= Enhanced Telephone =

The Enhanced Telephone is a telephone developed by Citibank's Enhanced Telephone Services subsidiary in the late 1980s for customers to do banking and other financial transactions from their home. The official launch date was February 26–27, 1990, for customers in New York only.

The first version of the Enhanced Telephone, the 99A model, was beige and featured a keyboard and monochrome miniature CRT screen. Because of its chunky appearance, several developers dubbed it the "sawed-off ski boot." The physical hardware was manufactured by Transaction Technologies Incorporated (TTI).

The second version of the Enhanced Telephone, the P100 model, was manufactured by Philips Electronics based on experiences gained from manufacturing Minitel and featured a miniature keyboard, an LCD screen, and more sleek styling.
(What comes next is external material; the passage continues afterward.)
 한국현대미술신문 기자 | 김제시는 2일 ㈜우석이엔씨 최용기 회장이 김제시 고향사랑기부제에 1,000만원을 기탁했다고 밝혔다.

The font was developed by Bitstream Inc.

Software for the Enhanced Telephone was written in a proprietary language called HAL (Home Application Language).
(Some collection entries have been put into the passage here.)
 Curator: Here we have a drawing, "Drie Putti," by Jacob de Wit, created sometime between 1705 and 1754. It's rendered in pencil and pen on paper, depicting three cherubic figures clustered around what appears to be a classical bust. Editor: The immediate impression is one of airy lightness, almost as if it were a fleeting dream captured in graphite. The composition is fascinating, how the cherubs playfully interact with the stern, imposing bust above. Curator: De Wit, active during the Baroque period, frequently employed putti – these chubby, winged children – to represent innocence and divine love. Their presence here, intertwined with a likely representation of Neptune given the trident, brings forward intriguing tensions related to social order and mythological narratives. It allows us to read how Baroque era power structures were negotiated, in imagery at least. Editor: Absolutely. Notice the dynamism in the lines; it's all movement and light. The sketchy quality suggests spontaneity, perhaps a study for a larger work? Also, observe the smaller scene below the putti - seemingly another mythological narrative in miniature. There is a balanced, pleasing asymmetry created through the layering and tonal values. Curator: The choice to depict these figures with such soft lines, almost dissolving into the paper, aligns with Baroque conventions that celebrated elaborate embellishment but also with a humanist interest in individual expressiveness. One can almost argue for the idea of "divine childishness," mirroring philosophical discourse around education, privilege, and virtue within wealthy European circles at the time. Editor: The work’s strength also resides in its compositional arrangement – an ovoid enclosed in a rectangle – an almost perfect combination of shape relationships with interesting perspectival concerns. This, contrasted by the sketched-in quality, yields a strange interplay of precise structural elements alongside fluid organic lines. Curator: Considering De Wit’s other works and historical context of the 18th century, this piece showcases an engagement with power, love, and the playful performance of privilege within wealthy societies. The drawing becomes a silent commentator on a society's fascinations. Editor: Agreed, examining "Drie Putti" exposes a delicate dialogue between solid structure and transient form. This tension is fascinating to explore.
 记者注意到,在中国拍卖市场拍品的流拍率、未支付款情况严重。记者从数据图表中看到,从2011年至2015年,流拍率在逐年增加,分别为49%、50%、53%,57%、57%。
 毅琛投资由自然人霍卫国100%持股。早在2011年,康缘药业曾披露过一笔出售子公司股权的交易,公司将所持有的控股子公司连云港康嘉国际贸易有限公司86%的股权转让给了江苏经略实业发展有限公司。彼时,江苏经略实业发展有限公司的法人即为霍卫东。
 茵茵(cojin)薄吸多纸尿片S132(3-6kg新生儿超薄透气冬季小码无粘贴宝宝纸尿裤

Citibank believed that it was considerably easier to manage financial transactions with the enhanced telephone than with a personal computer, but the product ultimately failed to become a viable product because by the time it was introduced, home banking via PCs was becoming more common and by the 1990s the Enhanced Telephone had been rendered obsolete by the growing popularity of the World Wide Web.

The Philips P100 phone lived on and to this day variations of it are used for other applications.